Transport / interface / HA¶
The forwarding of platform events is done using Lumberjack protocol, as we would for other cybersecurity logs or events that we do not want to lose. For example, the operator actions must not be lost for 2 reasons :
- because they are part of the audit trail of the operator actions.
- because they are used to trigger the channels monitoring service on central site (i.e. an application is monitored only if the last known operator action for this application is a 'start').
With this acknowledged protocol, if there is a failure to handle the data on the remote central site, then the data will be replayed later for forwarding.
The lumberjack_ouput
node is able to target multiple target servers on the central site. This implements load balancing and high availability of the forwarding mechanism.
Reference configuration example¶
Monitoring - Events forwarder punchline¶
version: "6.0"
runtime: shiva
type: punchline
# The purpose of this punchline is to send various types of platform events to different indices
# so that they have different retention rules.
# This is important because all platform events (platform metrics, operator commands audit events, health monitoring status...)
# are coming through a single events flow (especially when coming from remote platforms) .
# This is a reference configuration item for DAVE 6.0 release - checked 21/07/2020 by CVF
dag:
- type: kafka_input
settings:
topic: platform-monitoring
# This topic receives metric or events from the platform components, but directly stored in
# a json string (therefore the value_codec setting) in the kafka document (no Lumberjack envelope,
# contrary to what is usual in other kafka topics of the punchplatform.

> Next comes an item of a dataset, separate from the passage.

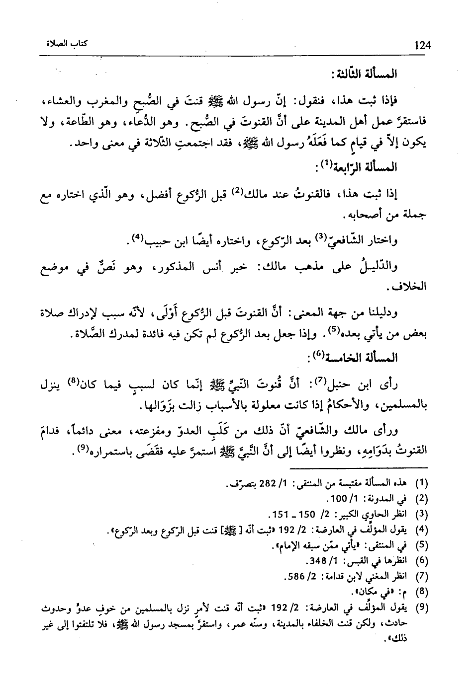 (¬9) يقول المؤلِّف في العارضة: 2/ 192 "ثبت أنّه قنت لأمر نزل بالمسلمين من خوفِ عدوٍّ وحدوث حادث، ولكن قنت الخلفاء بالمدينة، وسنّه عمر، واستقر بمسجد رسول الله - صلّى الله عليه وسلم -، فلا تلتفتوا إلى غير ذلك".

# This is the standard way for beats to write to kafka (among which, the metricbeat we are
# using to collect
value_codec:
type: string
# Each time we restart/crash, we continue from last checkpoint to avoid dropping tuples
start_offset_strategy: last_committed
# In case no checkpoint is remembered for this topic and consumer group, then start from the top of the Kafka topic
auto.offset.reset: earliest
fail_action: sleep
fail_sleep_ms: 50
publish:
- stream: docs
fields:
- doc
- type: lumberjack_output
settings:
destination:
- host: centralfront1
port: 1711
compression: true
ssl: true
ssl_client_private_key: "@{PUNCHPLATFORM_SECRETS_DIR}/server.pem"
ssl_certificate: "@{PUNCHPLATFORM_SECRETS_DIR}/server.crt"
ssl_trusted_certificate: "@{PUNCHPLATFORM_SECRETS_DIR}/fullchain-central.crt"
- host: centralfront2
port: 1711
compression: true
ssl: true
ssl_client_private_key: "@{PUNCHPLATFORM_SECRETS_DIR}/server.pem"
ssl_certificate: "@{PUNCHPLATFORM_SECRETS_DIR}/server.crt"
ssl_trusted_certificate: "@{PUNCHPLATFORM_SECRETS_DIR}/fullchain-central.crt"
subscribe:
- component: kafka_input
stream: docs
metrics:
reporters:
- type: kafka
reporting_interval: 60
settings:
topology.max.spout.pending: 6000